As I was cleaning the oven this morning (a thankless if necessary task made only marginally more acceptable by a fresh crop of this week’s arts, books and music podcasts, the family sensibly staying away from me as I swore and scrubbed with a mad gleam in my eye), I reflected on the current Austen debate.

Cleaning the oven and thinking about Jane Austen may, at first glance, seem an oxymoron, but as I battled with seemingly irremovable burned-on grime, it appeared a suitable metaphor for a malaise spreading through the literary world: scouring the classics, re-inventing the déjà-vu.

Don’t get me wrong: I’m all in favour of the next film adaptation of Wuthering Heights or David Copperfield, but it seems to me that Classics Mania is spawning a new breed of literature: Classics Reinvention, whereby contemporary writers are commissioned to write sequels to, or radically review our well-loved favourites.

In the columns of the British press, we’ve seen a sparring match between writers Sam Leith and Elizabeth Day in The Observer over the so-called “Austen Project”. For those not in the know, this HarperCollins publishing initiative involves six novelists reworking Austen’s oeuvre for the 21st century. Joanna Trollope has just published (and note the ampersand) Sense & Sensibility; out soon are Val McDermid’s Northanger Abbey, Curtis Sittenfeld’s Pride and Prejudice and Alexander McCall’s Emma.

Leith is all in favour – there’s nothing wrong with dressing an old aunt in new clothes, he says, citing Bridget Jones as the obvious pastiche-to riches phenomenon . Day, however, is scathing. “I’d much rather read a new book….containing inventive ideas and new ways of seeing human behaviour than a novel that is constrained by someone else’s plot devices handed down through the centuries.”, she writes.  “I don’t need to read about Mr Knightley listening to Arctic Monkeys on his iPod to be convinced that Jane Austen is ‘relevant’. I already know she is.”

There are in fact two ideas here.

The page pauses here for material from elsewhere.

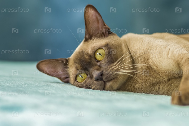 Домашняя кошка бирманской породы, коричневая с желтыми глазами, в многоквартирном доме города. Любит лежать на диване. Портрет животного. Естественная среда обитания
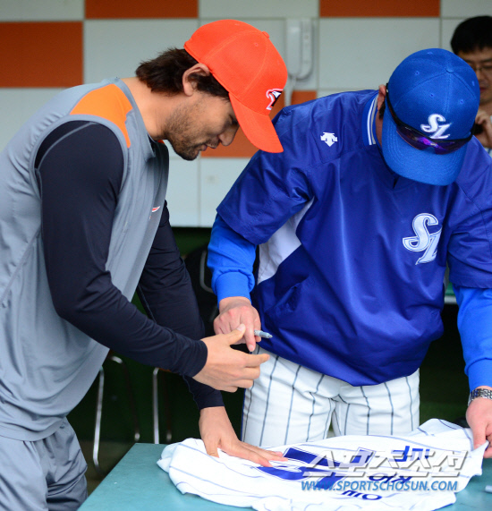 한화 박찬호가 유니폼 상의를 들고 성큼성큼 다가와 류 감독에게 인사를 하더니 유니폼을 내밀며 사인을 해달라고 요청한 것이다.

The first stream is the homage novel, inspired by a piece of fiction, but remaining highly original, with its own take on character and plot.  Although I’m not a Helen Fielding fan, Bridget Jones clearly falls into this category.  So does a work such as Zadie Smith’s fabulous On Beauty which revisits Howard’s End in a completely individual way.

A few years ago, BBC TV produced a superb series where a number of Shakespeare comedies, including Much Ado About Nothing, The Taming of the Shrew and A Midsummer Night’s Dream were re-interpreted for today. Although plotlines were subscribed to in principle, the writers enthusiastically fitted them to contemporary mores, so they became free-standing works of art.

The second stream is where pure spin-offs or sequels of original works are written, which I have greater difficulty accepting. It’s all very well to say such books acquire a separate personality and should be judged accordingly but why tamper with what already works? Cynically, this seems to be an exercise in pure greed and commercialism, with publishers and the media cashing in on our seemingly unending appetite for much-loved classics.

There was a ghastly reworking of Pride and Prejudice on television a few years ago called Lost in Austen where a modern day London gel time-travels  back to the 19th century and finds herself living and acting out the role of Elizabeth Bennett. It was so unbelievably awful that I can’t recall it now without shuddering.  As a spoof, it was crass beyond belief and seemed to me to be merely exploitative, with no artistic merit whatever.

It’s not only Austen, of course.  David Benedictus has revisited Winnie-the-Pooh. This year, Sebastian Faulks has given birth to a new Bertie Wooster and William Boyd has launched a revamped 007. I’m sure that the authors who have been commissioned to write these “new” works have done so with respect, a high level of craft and great intelligence. And yet, and yet, I remain unconvinced. I truly enjoy the work of Sebastian Faulks but  have absolutely no interest in  a 21st century version of Jeeves.  I’ll keep on reading Wodehouse as I’ve always done.